CRISPR-based activation system could be applied to regulate gene expression in a variety of biological processes, including stem cell differentiation , silenced gene activation , genetic defect compensation, cell fate engineering, and genome -wide screening. To study whether CRISPRa could be used for direct cell reprogramming , Black et al. used a dCas9 with both N-terminal and C-terminal VP64 transactivation domains (VP64–dCas9–VP64) to achieve multiplex activation of the neurogenic factors Brn2, Ascl1, and Myt1l (BAM factors) and demonstrated direct cellular reprogramming from fibroblast to induced neuronal cells through targeted activation of endogenous genes [3].

Another example is for HIV treatment. Although the combined antiretroviral therapies (cARTs) have had a marked impact on the treatment and progression of HIV/AIDS , the most significant limitation of currently available cARTs is the inability to extinguish the integrated latent HIV reservoirs, resulting in a persistent infection even under lifelong treatment. A promising strategy to eradicate latent HIV reservoirs is to reactivate the dormant virus in the presence of combined antiretroviral therapies (cARTs). Recently, several groups simultaneously reported that CRISPR-based activation is highly effective at inducing transcriptional activation of latent HIV-1 infection specifically in human T cells, providing an exciting new avenue towards latent HIV therapy (Saayman et al. 2016).
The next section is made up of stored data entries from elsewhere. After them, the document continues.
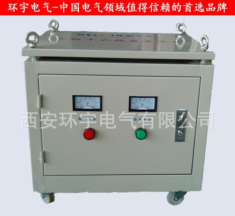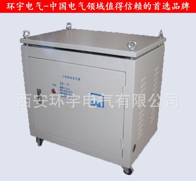 能及维护方便等优点■使用范围该系列隔离变压器广泛用于地铁、高层建筑、机场、车站、印刷、机床、码头、工矿企业及隧道的输配电及进口设备的使用等场所。■技术参数| 输入电压 | 额定电压±10% | 环境温度 | -15℃-+40℃ |  | 输出电压 | 额定电压+5%(空载) | 海拔高度 | <1000m |  | 效率 | ≥95% | 相对湿度 | <90% |  | 波形失真 | 无附加波形失真 | 安装场所无严重影响变压器绝缘的气体蒸汽、化学沉积、灰尘、污垢及其它爆炸性和腐蚀性介质. |  | 功能 | 具有输入电压、输出电压、电流指示 |  | 保护 | 具有过流保护可长期无人值守工作 |  | 绝缘电阻 | ≥50M |  | 电气强度 | 工频正弦电压2000V历时1分钟无击穿及闪络现象 | 凡不符合上述规定的特殊使用条件,应由使用单位和我厂协商确定 |  | 过载能力 | 二倍的额定电流,维持1分钟 |   ■规格型号及安装尺寸| 规 格 | 输入电压 | 输出电压 | 不带外壳产品尺寸(cm)/重量(kg) | 带外壳尺寸(cm)/重量(kg) |  | SG-5 KVA | 660V 400V 380V 200V 可根据客户要求订制 | 380V 220V 110V 36V 可根据客户要求订制 | 30×15×25/35 | 45×25×30/56 |  | SG-6KVA | 30×16×25/40 | 45×25×30/64 |  | SG-7KVA | 35×15×30/45 | 50×25×35/80 |  | SG-8KVA | 35×16×30/55 | 50×25×35/80 |  | SG-10KVA | 42×21×42/90 | 60×32×65/130 |  | SG-15KVA | 52×24×52/135 | 70×35×77/185 |  | SG-20KVA | 52×24×52/180 | 70×35×77/220 |  | SG-30KVA | 55×28×65/220 | 80×40×87/260 |  | SG-40KVA | 61×30×65/265 | 90×50×95/320 |  | SG-50KVA | 61×30×65/295 | 90×50×95/360 |  | SG-60KVA | 70×32×66/370 | 100×50×105/440 |  | SG-80KVA | 70×32×67/450 | 100×50×105/530 |  | SG-100KVA | 75×35×68/490 | 100×50×105/570 |  | SG-120KVA | 75×35×68 | 100×50×105/600 |  | SG-150KVA | 85×37×68 | 120×65×115/690 |  | SG-180KVA | 95×45×83 | 120×65×115/930 |  | SG-200KVA | 95×45×83 | 120×65×115/1010 |  | SG-250KVA | 95×45×83 | 120×65×115/1180 |  | SG-300KVA | 105×45×95 | 120×70×125/1450 |  | SG-320KVA | 105×45×95 | 130×50×135/1490 |  | SG-350KVA | 105×45×95 | 130×50×135/1600 |  | SG-400KVA | 115×55×105 | 140×60×145/1700 |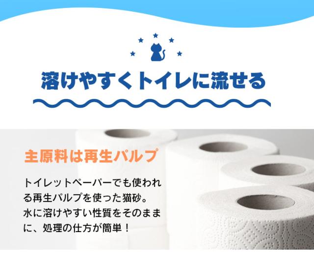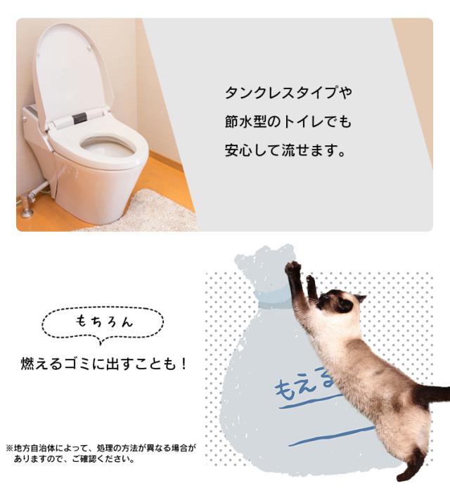 溶けやすくそのままトイレに流せる猫砂です。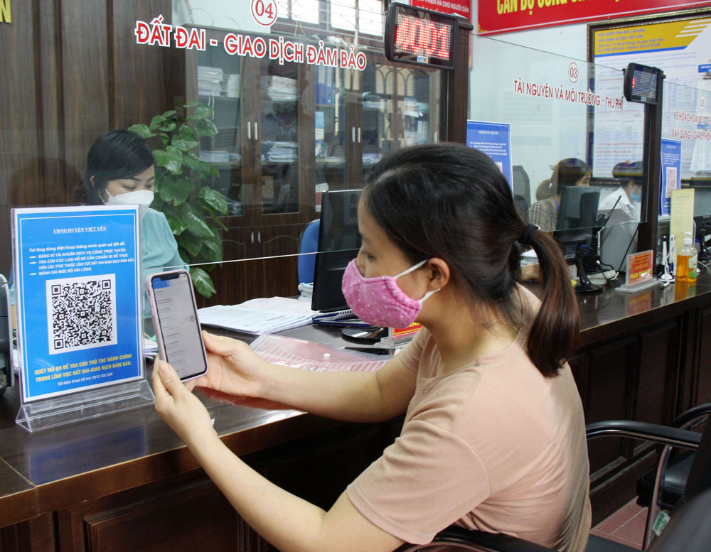 Người dân quét mã QR Code tra cứu thủ tục hành chính và đánh giá mức độ hài lòng tại bộ phận một cửa huyện Việt Yên.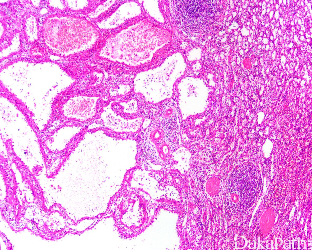 - 血管腔不规则,部分囊状扩张伴突向血管腔的具纤维性间质轴心的乳头结构,其表面衬覆单层内皮细胞;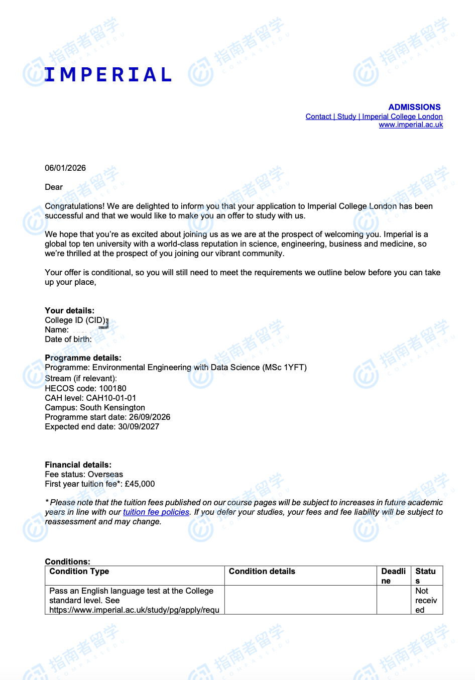 帝國理工學院環(huán)境工程與數(shù)據(jù)科學理學碩士研究生offer一枚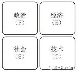 PEST — 从政治(Politics)、经济(Economics)、社会(Society)、技术(Technology)4个视角分析构成企业组织的外部环境。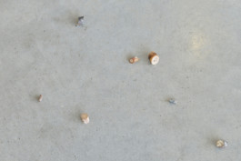 My work deals with processes of dissection as a means to unfold different layers of an object and reveal its materiality. In Wear on Stone (Essay II), I have asked several people to help me remove the sand from dozens of blue sandpaper, from the sand I made a stone and with the remaining paper I sewed a patchwork rug. The sandpaper unfolded in to its initial components – the sand and the paper. By slowly dissecting industrial objects like sandpaper, a kind of artisanal process takes place, twisting the industrial back into the organic – traces of sand appearing in the blue paper rug show how this surface was worn out by different rhythms and intensities.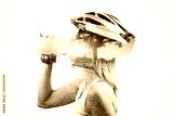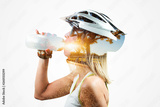 Double exposure woman cyclist. Combined with a nature. Concept Healthy lifestyle in the nature.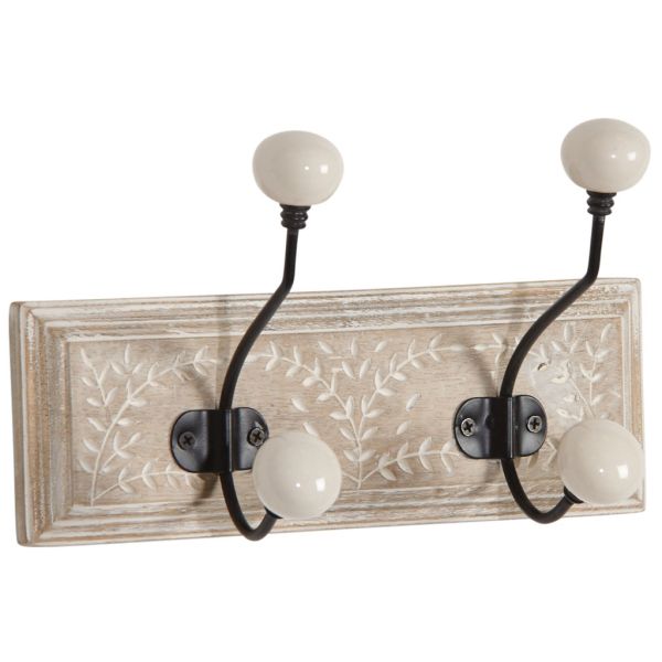 Patère en manguier motif feuilles 2 crochets (2 crochets)

Whereas loss-of-function screens can be conducted using RNAi or Cas9 -based tools, gain-of-function screens have been confined to cDNA overexpression libraries . Compared with all the limitations with the available cDNA libraries, CRISPRa-based targeted gene regulation on a genome -wide scale is a powerful strategy for interrogating, perturbing, and engineering biological systems. Taking advantage of the robust SAM system, Konermann et al. performed a genome-wide screening for genes that, upon activation , confer resistance to a BRAF inhibitor, using a library consisting of 70,290 guides targeting all human coding isoforms. The screens exhibited a high degree of consistency with 100% validation of the top ten hits. The top hits included genes previously shown to be able to confer resistance, and novel candidates were validated using individual sgRNA and complementary DNA overexpression. Furthermore, gene expression signature based on the top screening hits correlated with markers of BRAF inhibitor resistance in cell lines and patient-derived samples, proving the potential of Cas9 -based activators as a powerful genetic perturbation technology [20].
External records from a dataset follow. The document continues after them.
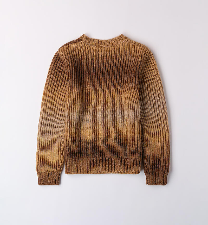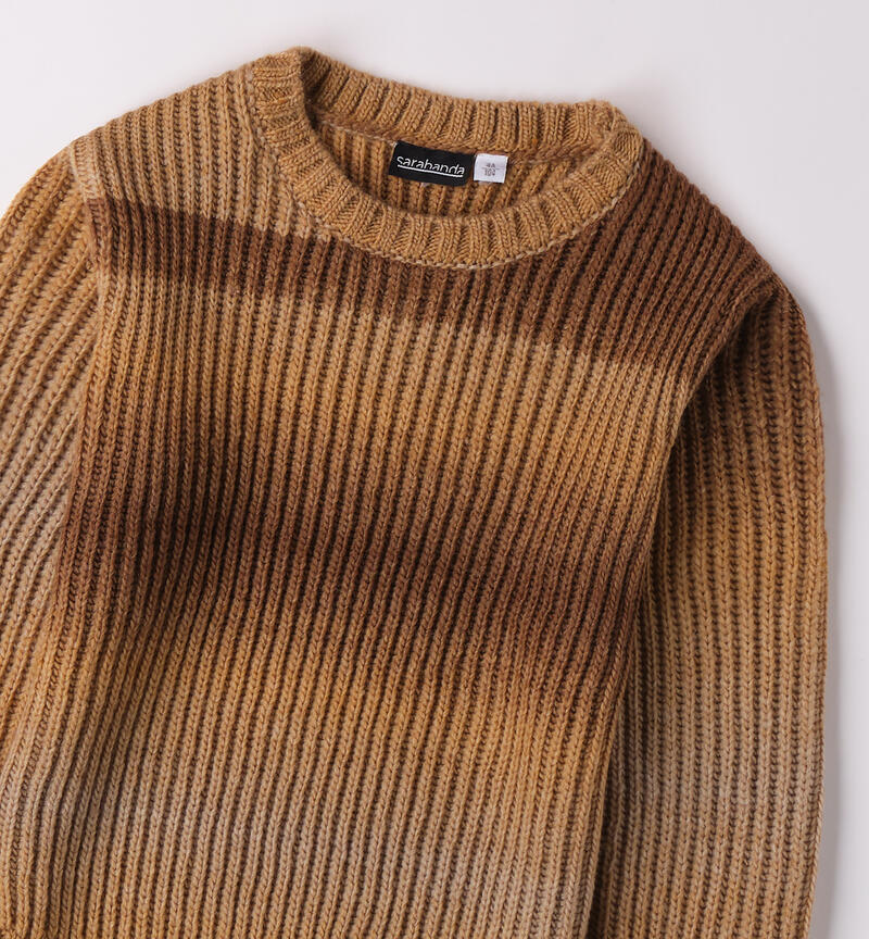 Maglione bambino Sarabanda realizzato in tricot. Il modello presenta apertura sulla spalla con bottoni a pressione, fantasia con effetto sfumato.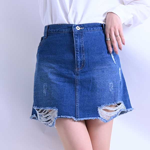 ダメージ加工デニムのミニスカートです。オールシーズン活躍してくれる、デニム素材。伸縮性はありませんが、柔らかく穿き心地も抜群です☆窮屈感なくコンパクトなシルエットに見せてくれます。ウエストは柔らかいバックゴムでとても楽ちんです。便利なポケット付き。カッコいいダメージ加工で、ヘルシーな肌見せコーデに仕上がります。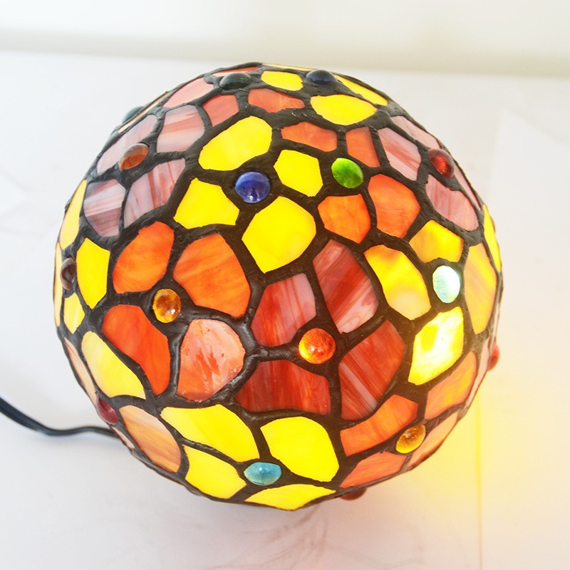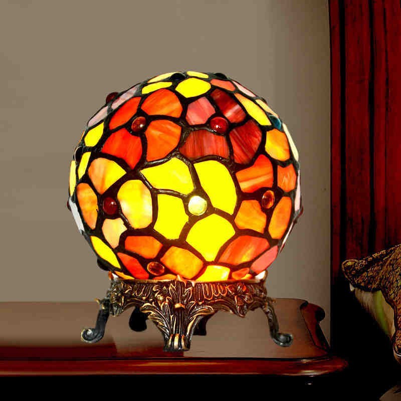 Lámpara de mesa con vitrales de Tiffany en color rojo

The discovery of the RNA-mediated programmable CRISPR/Cas9 technology, has transformed the field of biology. While CRISPR/dCas9 -mediated gene activation represents dramatic advantages over conventional approaches, there are several concerns with its broad application. In addition to the general problems with CRISPR system, such as off-target effects, delivery issue, and potential immunogenicity [28], the major concern is that the activation capability of endogenous genes by CRISPRa system is not as robust as that of cDNA overexpression approach and is heavily dependent on the selection of sgRNAs . This could be a potential concern for biological processes, such as direct reprogramming or transdifferentiation from one mature cell type to another, which might require a large amount of factors in order to overcome the force of gravity on the famous Waddington’s epigenetic landscape [27]. Thus how to effectively design the most robust and specific guide RNAs for transcriptional activation needs further exploration.